How to Read Bytes from a file

G

gregpinero

It seems like this would be easy but I'm drawing a blank.

What I want to do is be able to open any file in binary mode, and read
in one byte (8 bits) at a time and then count the number of 1 bits in
that byte.

I got as far as this but it is giving me strings and I'm not sure how
to accurately get to the byte/bit level.

f1=file('somefile','rb')
while 1:
abyte=f1.read(1)

Thanks in advance for any help.

-Greg
 
A

Alex Martelli

It seems like this would be easy but I'm drawing a blank.

What I want to do is be able to open any file in binary mode, and read
in one byte (8 bits) at a time and then count the number of 1 bits in
that byte.

I got as far as this but it is giving me strings and I'm not sure how
to accurately get to the byte/bit level.

f1=file('somefile','rb')
while 1:
abyte=f1.read(1)

You should probaby prepare before the loop a mapping from char to number
of 1 bits in that char:

m = {}
for c in range(256):
m[c] = countones(c)

and then sum up the values of m[abyte] into a running total (break from
the loop when 'not abyte', i.e. you're reading 0 bytes even though
asking for 1 -- that tells you the fine is finished, remember to close
it).

A trivial way to do the countones function:

def countones(x):
assert x>=0
c = 0
while x:
c += (x&1)
x >>= 1
return c

you just don't want to call it too often, whence the previous advice to
call it just 256 times to prep a mapping.

If you download and install gmpy you can use gmpy.popcount as a fast
implementation of countones:).


Alex
 
L

Leif K-Brooks

Alex said:
You should probaby prepare before the loop a mapping from char to number
of 1 bits in that char:

m = {}
for c in range(256):
m[c] = countones(c)

Wouldn't a list be more efficient?

m = [countones(c) for c in xrange(256)]
 
B

Bart Ogryczak

It seems like this would be easy but I'm drawing a blank.

What I want to do is be able to open any file in binary mode, and read
in one byte (8 bits) at a time and then count the number of 1 bits in
that byte.

I got as far as this but it is giving me strings and I'm not sure how
to accurately get to the byte/bit level.

f1=file('somefile','rb')
while 1:
abyte=f1.read(1)

import struct
buf = open('somefile','rb').read()
count1 = lambda x: (x&1)+(x&2>0)+(x&4>0)+(x&8>0)+(x&16>0)+(x&32>0)+
(x&64>0)+(x&128>0)
byteOnes = map(count1,struct.unpack('B'*len(buf),buf))

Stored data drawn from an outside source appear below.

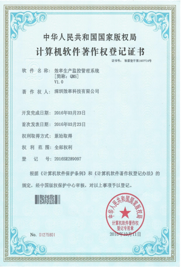 生產(chǎn)監(jiān)控管理系統(tǒng)軟著證書
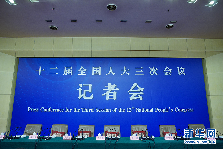 ????3月13日上午10時,十二屆全國人大三次會議新聞中心邀請四川大學校長謝和平、江蘇省教育廳廳長沈健、廣東省教育廳廳長羅偉其、海南大學校長李建保、貴州大學校長鄭強就完善高等教育治理結構的相關問題回答中外記者提問。圖為記者會現場。新華網/中國政府網 郭小天 攝
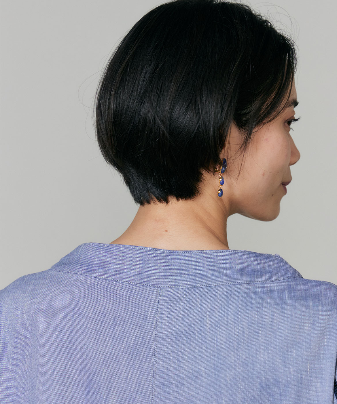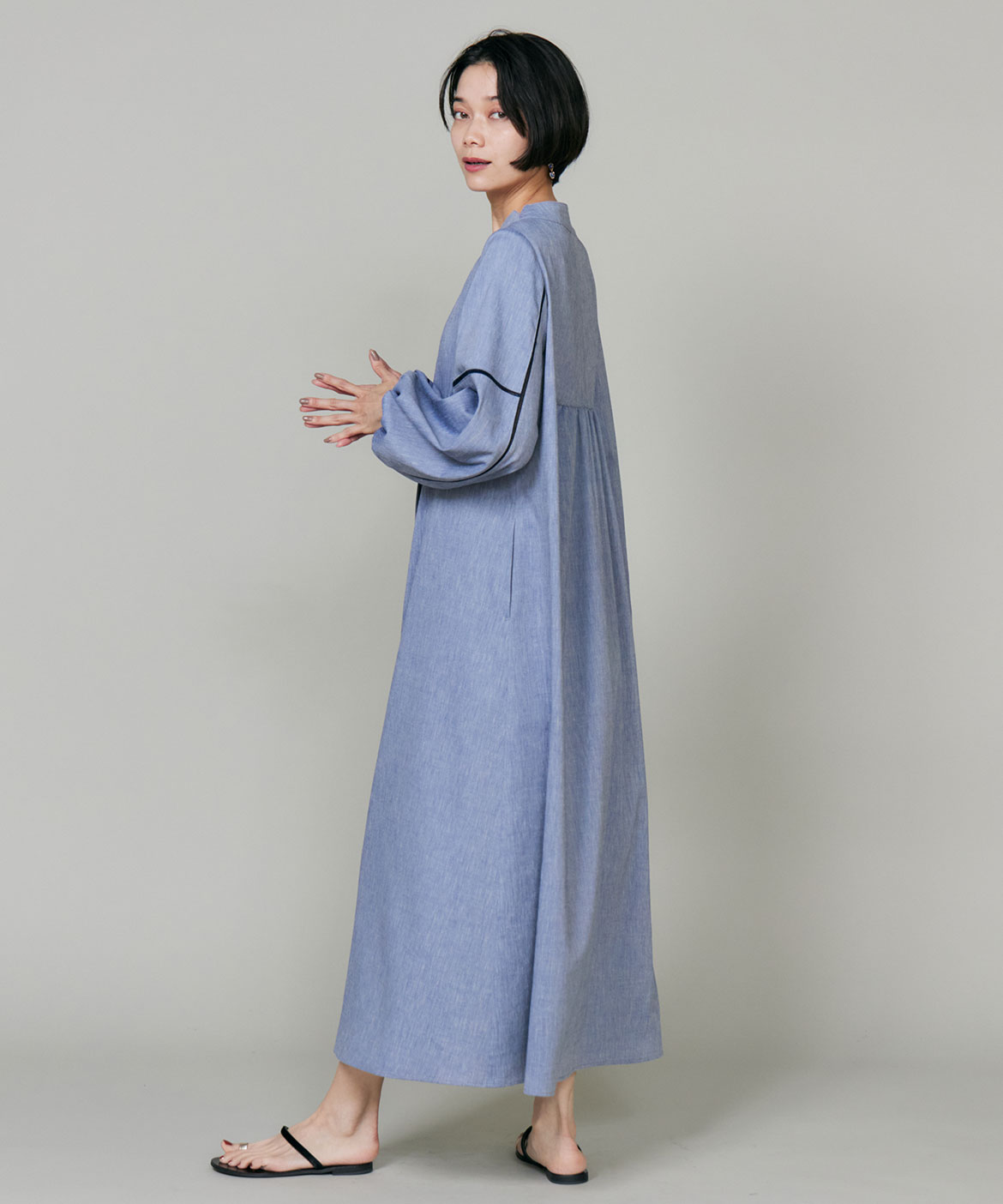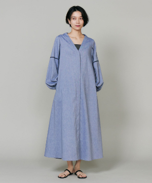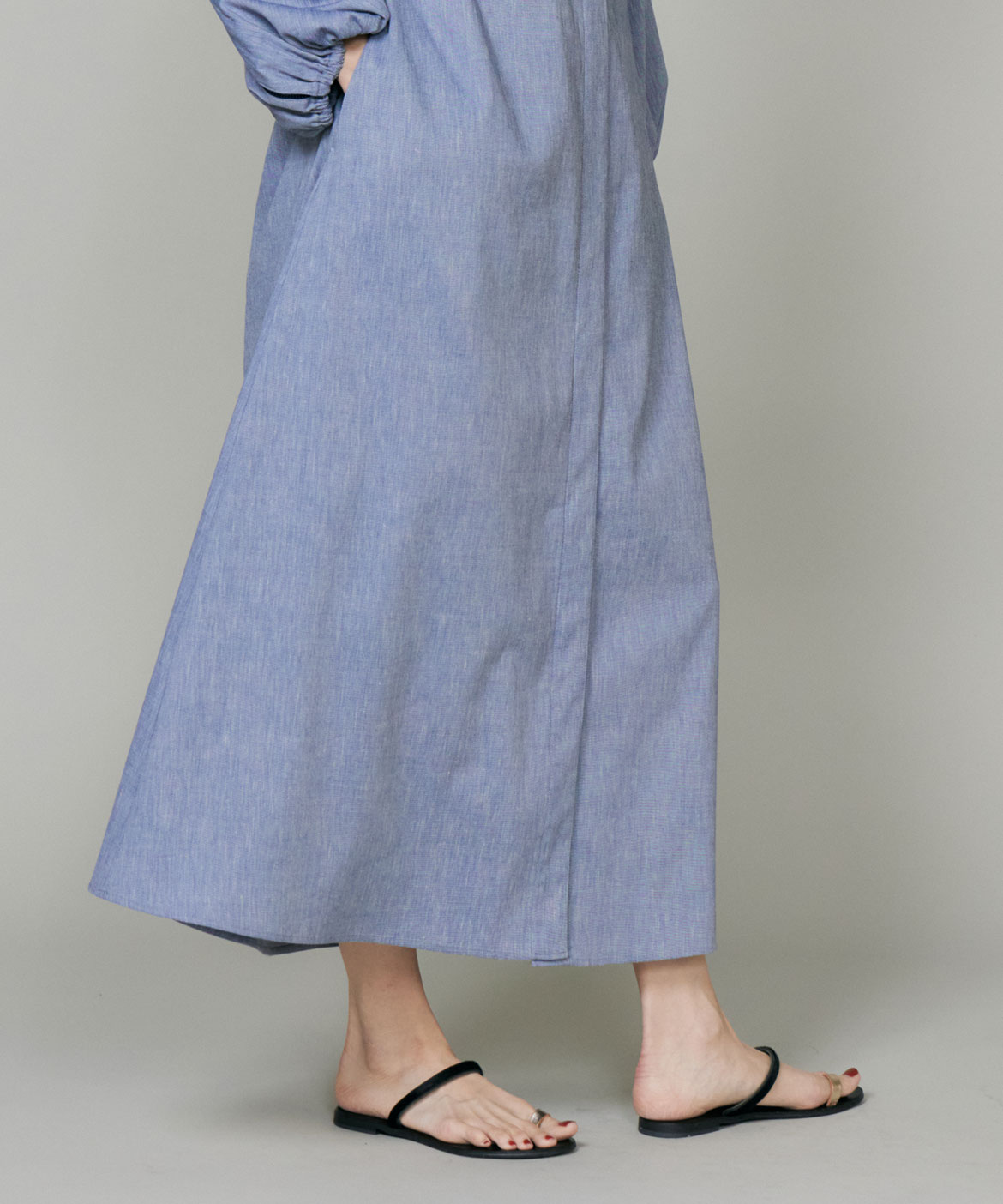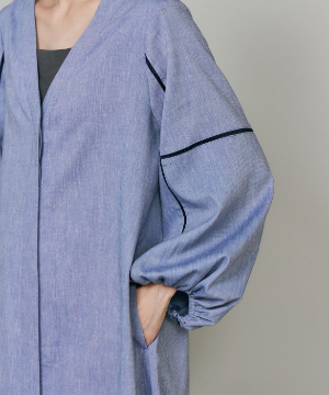 ナチュラルな表面感が涼やかなシャンブレー素材。麻のフシ感が表情をプラスし上質感を演出。デニムライクなカラーもポイント。柔らかさと落ち感、ドライなタッチで着心地の良い素材。

byteOnes[n] is number is number of ones in byte n.
 
J

Jussi Salmela

Bart Ogryczak kirjoitti:
It seems like this would be easy but I'm drawing a blank.

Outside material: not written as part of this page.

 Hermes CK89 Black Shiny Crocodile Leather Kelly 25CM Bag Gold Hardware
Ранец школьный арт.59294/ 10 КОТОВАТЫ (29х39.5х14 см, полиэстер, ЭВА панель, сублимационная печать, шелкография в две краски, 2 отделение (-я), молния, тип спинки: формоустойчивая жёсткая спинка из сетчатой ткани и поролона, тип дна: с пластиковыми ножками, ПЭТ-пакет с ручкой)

What I want to do is be able to open any file in binary mode, and read
in one byte (8 bits) at a time and then count the number of 1 bits in
that byte.

I got as far as this but it is giving me strings and I'm not sure how
to accurately get to the byte/bit level.

f1=file('somefile','rb')
while 1:
abyte=f1.read(1)

import struct
buf = open('somefile','rb').read()
count1 = lambda x: (x&1)+(x&2>0)+(x&4>0)+(x&8>0)+(x&16>0)+(x&32>0)+
(x&64>0)+(x&128>0)
byteOnes = map(count1,struct.unpack('B'*len(buf),buf))

byteOnes[n] is number is number of ones in byte n.

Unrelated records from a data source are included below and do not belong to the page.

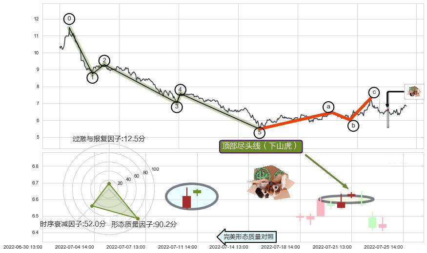 ➢ 🕰 价格走势在2022-07-20 14:00:00至2022-07-21 13:00:00期间形成顶部尽头线(下山虎),残存影响值:-3.51
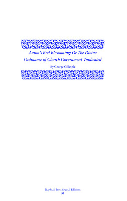 George Gillespie's first book, the anonymously published Dispute against the English Popish Ceremonies, propelled him to the forefront of the Second Reformation of the Scottish Kirk. He was then appointed to be an ecclesiastical commissioner to attend the Westminster Assembly of Divines in London. There he produced his most famous work, Aaron's Rod Blossoming, in order to refute the Erastians, who argued for church subordination to the civil government. Gillespie divides his treatise into three sections: (1) "Of the Jewish Church Government," (2) "Of the Christian Church Government," and (3) "Of Excommunication from the Church, and of Suspension from the Lord's Table."
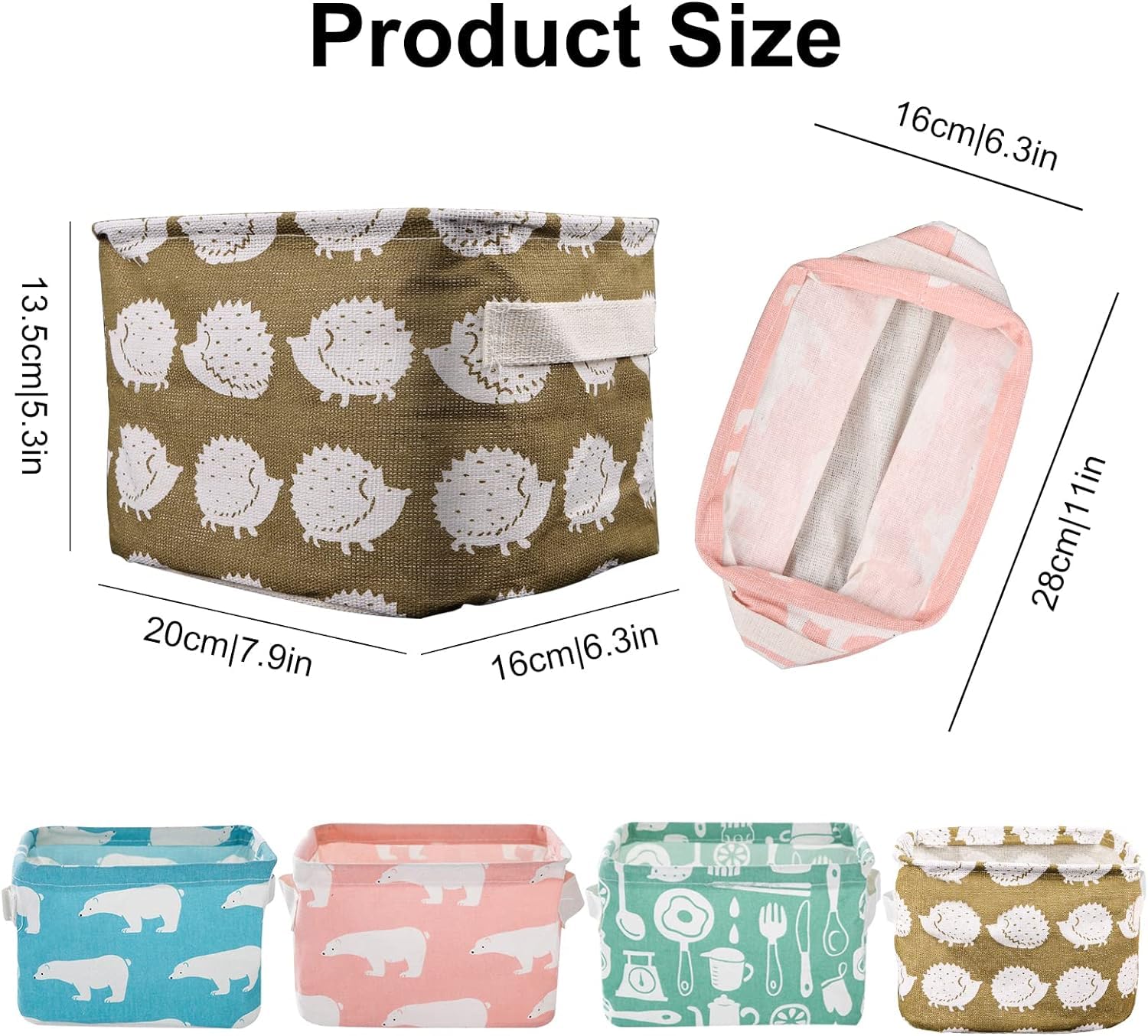 Zyronex 4 pcs Fabric Storage Baskets Collapsible Small Canvas Baskets Waterproof for Desk Storage and Household Organizer for Toys Shelves Cosmetics Stationery, Multicolor

I guess struct.unpack is not necessary, because:

byteOnes2 = map(count1, (ord(ch) for ch in buf))

seems to do the trick also.

Cheers,
Jussi
 
A

Alex Martelli

Leif K-Brooks said:
Alex said:
You should probaby prepare before the loop a mapping from char to number
of 1 bits in that char:

m = {}
for c in range(256):
m[c] = countones(c)

Wouldn't a list be more efficient?

m = [countones(c) for c in xrange(256)]

Yes, or an array.array -- actually I meant to use m[chr(c)] above (so
you could use the character you're reading directly to index m, rather
than calling ord(byte) a bazillion times for each byte you're reading),
but if you're using the numbers (as I did before) a list or array is
better.


Alex
 
G

gregpinero

It seems like this would be easy but I'm drawing a blank.
What I want to do is be able to open any file in binary mode, and read
in one byte (8 bits) at a time and then count the number of 1 bits in
that byte.
I got as far as this but it is giving me strings and I'm not sure how
to accurately get to the byte/bit level.
f1=file('somefile','rb')
while 1:
abyte=f1.read(1)

import struct
buf = open('somefile','rb').read()
count1 = lambda x: (x&1)+(x&2>0)+(x&4>0)+(x&8>0)+(x&16>0)+(x&32>0)+
(x&64>0)+(x&128>0)
byteOnes = map(count1,struct.unpack('B'*len(buf),buf))

byteOnes[n] is number is number of ones in byte n.


This solution looks nice, but how does it work? I'm guessing
struct.unpack will provide me with 8 bit bytes (will this work on any
system?)

How does count1 work exactly?

Thanks for the help.

-Greg
 
J

John Machin

import struct
buf = open('somefile','rb').read()
count1 = lambda x: (x&1)+(x&2>0)+(x&4>0)+(x&8>0)+(x&16>0)+(x&32>0)+
(x&64>0)+(x&128>0)
byteOnes = map(count1,struct.unpack('B'*len(buf),buf))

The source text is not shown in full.